What you will do: As the answer, set down the lines below from the one containing "Tippmann A-5 Paintball" through the one containing "8 comparti per", exactly and inclusively, and no others.

Source material:
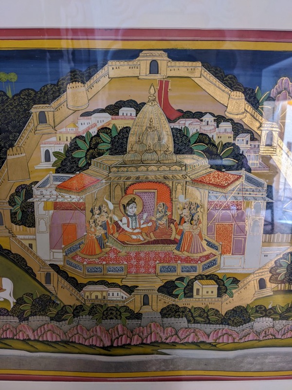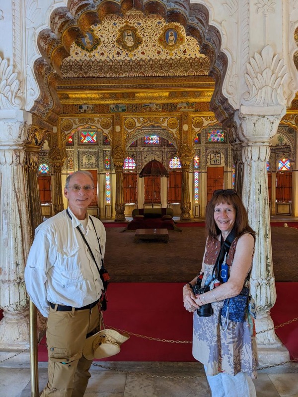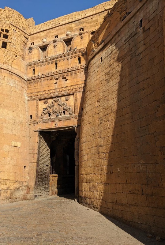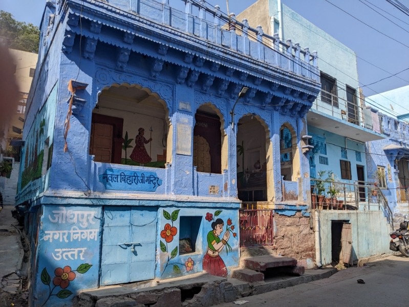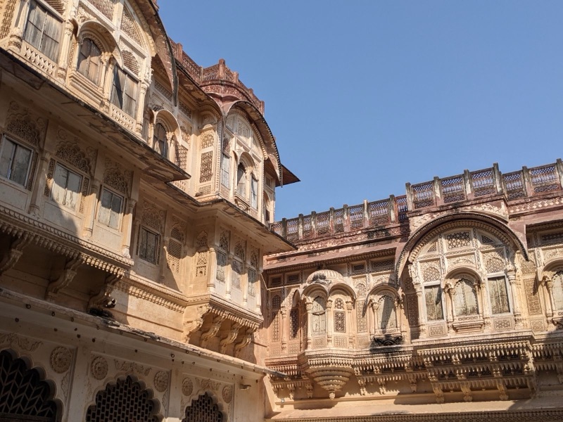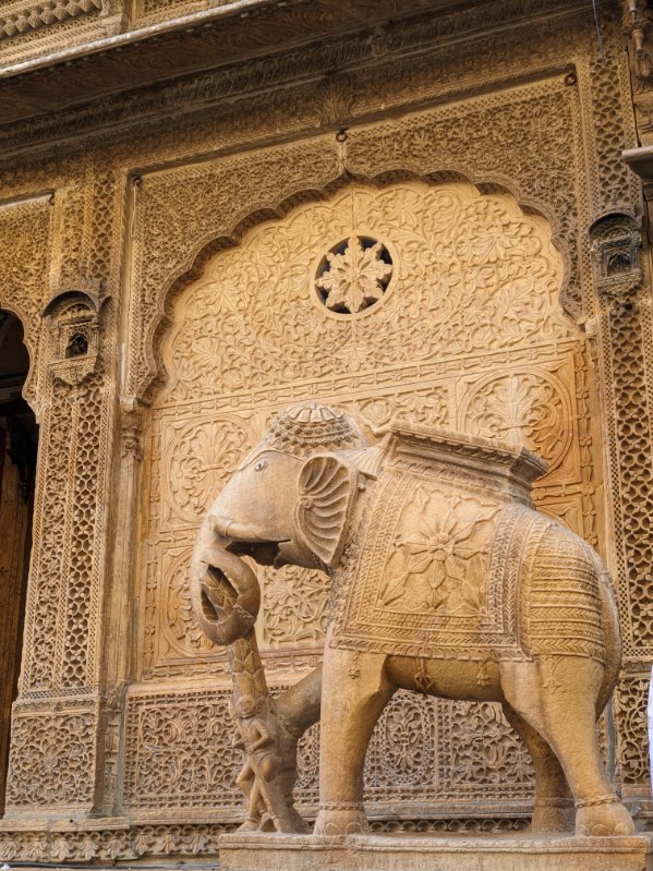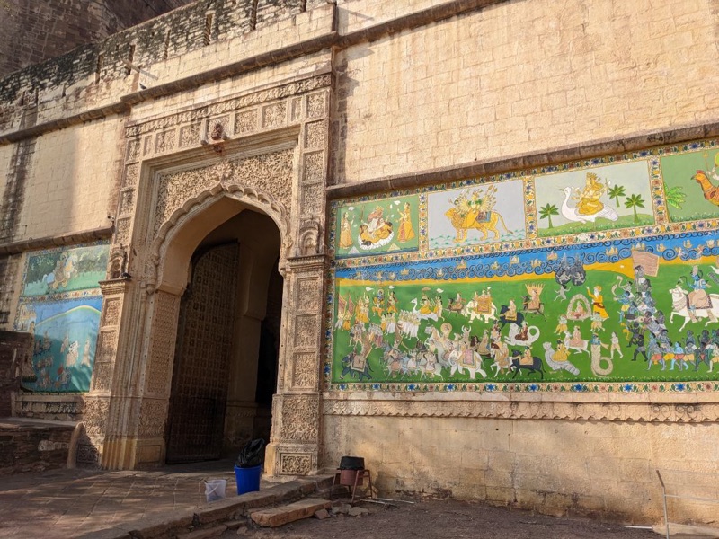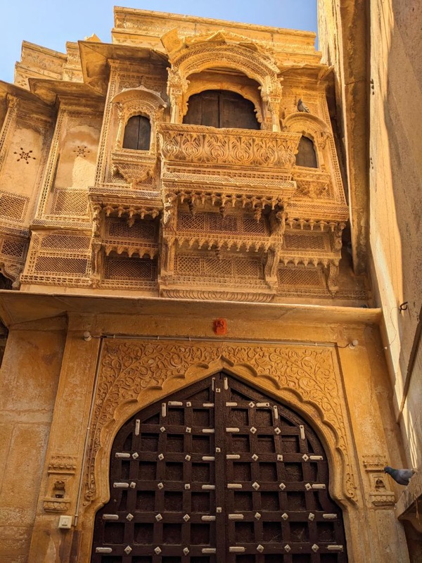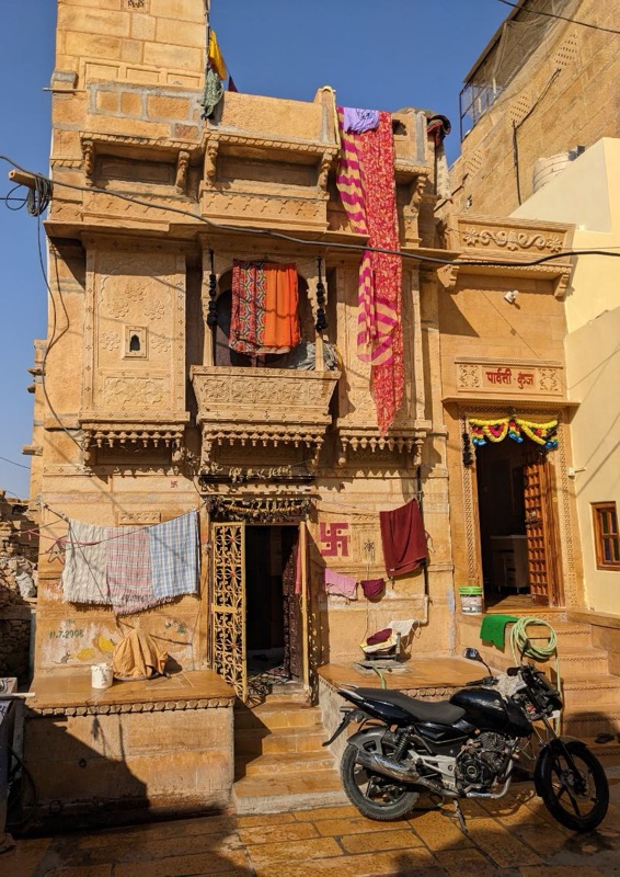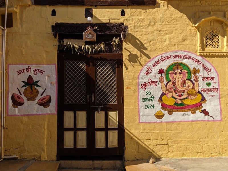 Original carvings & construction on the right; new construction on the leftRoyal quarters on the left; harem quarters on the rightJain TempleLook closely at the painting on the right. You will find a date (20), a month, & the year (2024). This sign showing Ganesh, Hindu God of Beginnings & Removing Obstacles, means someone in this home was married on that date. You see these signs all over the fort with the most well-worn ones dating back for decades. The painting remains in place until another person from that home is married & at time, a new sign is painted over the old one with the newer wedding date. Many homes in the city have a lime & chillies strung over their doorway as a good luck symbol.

...

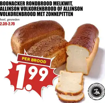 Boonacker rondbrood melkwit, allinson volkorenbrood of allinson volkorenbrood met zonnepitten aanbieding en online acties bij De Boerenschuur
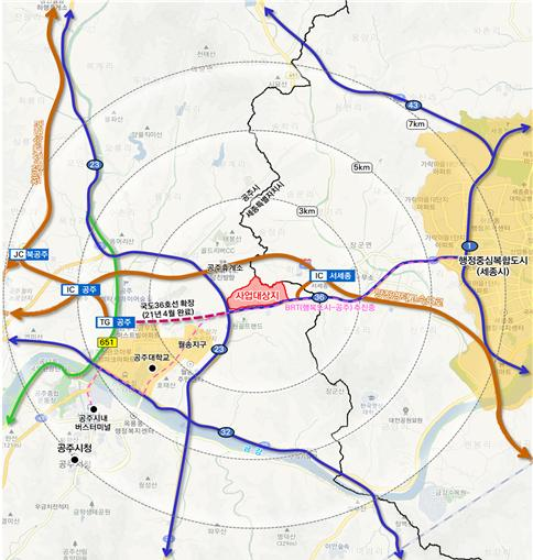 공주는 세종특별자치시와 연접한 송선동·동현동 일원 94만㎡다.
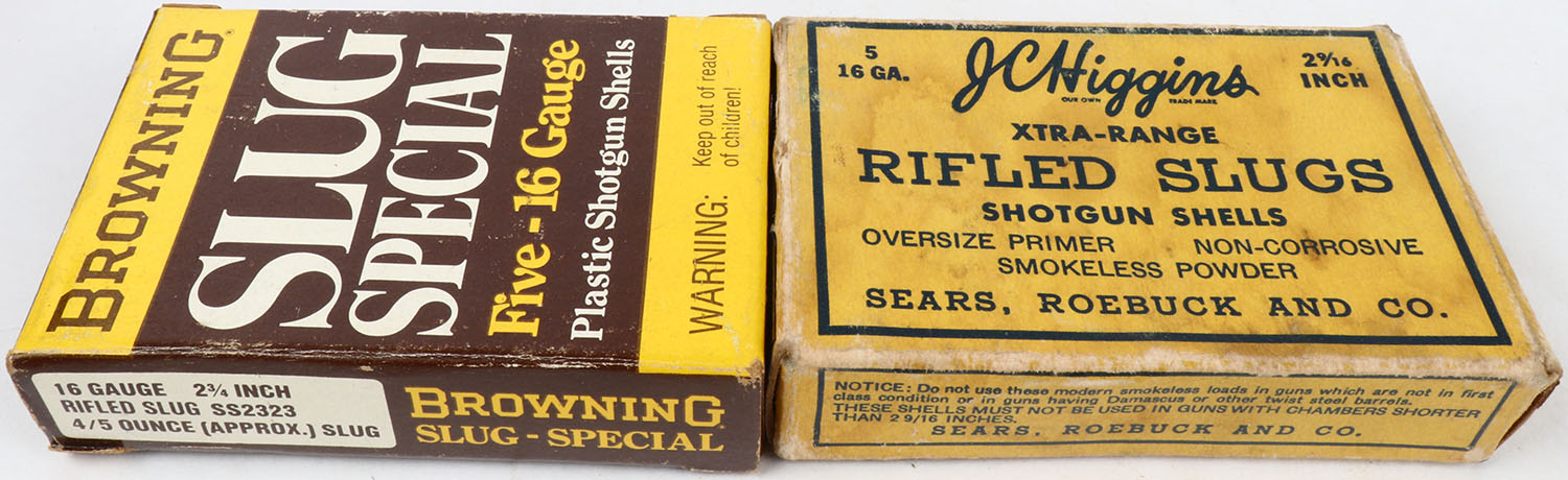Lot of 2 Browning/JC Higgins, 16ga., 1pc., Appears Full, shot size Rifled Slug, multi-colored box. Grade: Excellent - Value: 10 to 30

--

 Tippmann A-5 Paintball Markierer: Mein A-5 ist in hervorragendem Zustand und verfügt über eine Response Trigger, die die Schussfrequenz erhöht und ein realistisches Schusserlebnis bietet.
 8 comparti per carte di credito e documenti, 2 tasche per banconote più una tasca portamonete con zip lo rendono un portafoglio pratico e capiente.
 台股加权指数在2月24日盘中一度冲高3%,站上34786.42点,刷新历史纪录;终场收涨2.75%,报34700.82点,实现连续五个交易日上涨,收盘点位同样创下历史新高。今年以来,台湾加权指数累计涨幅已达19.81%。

Solved problem:
 Tippmann A-5 Paintball Markierer: Mein A-5 ist in hervorragendem Zustand und verfügt über eine Response Trigger, die die Schussfrequenz erhöht und ein realistisches Schusserlebnis bietet.
 8 comparti per carte di credito e documenti, 2 tasche per banconote più una tasca portamonete con zip lo rendono un portafoglio pratico e capiente.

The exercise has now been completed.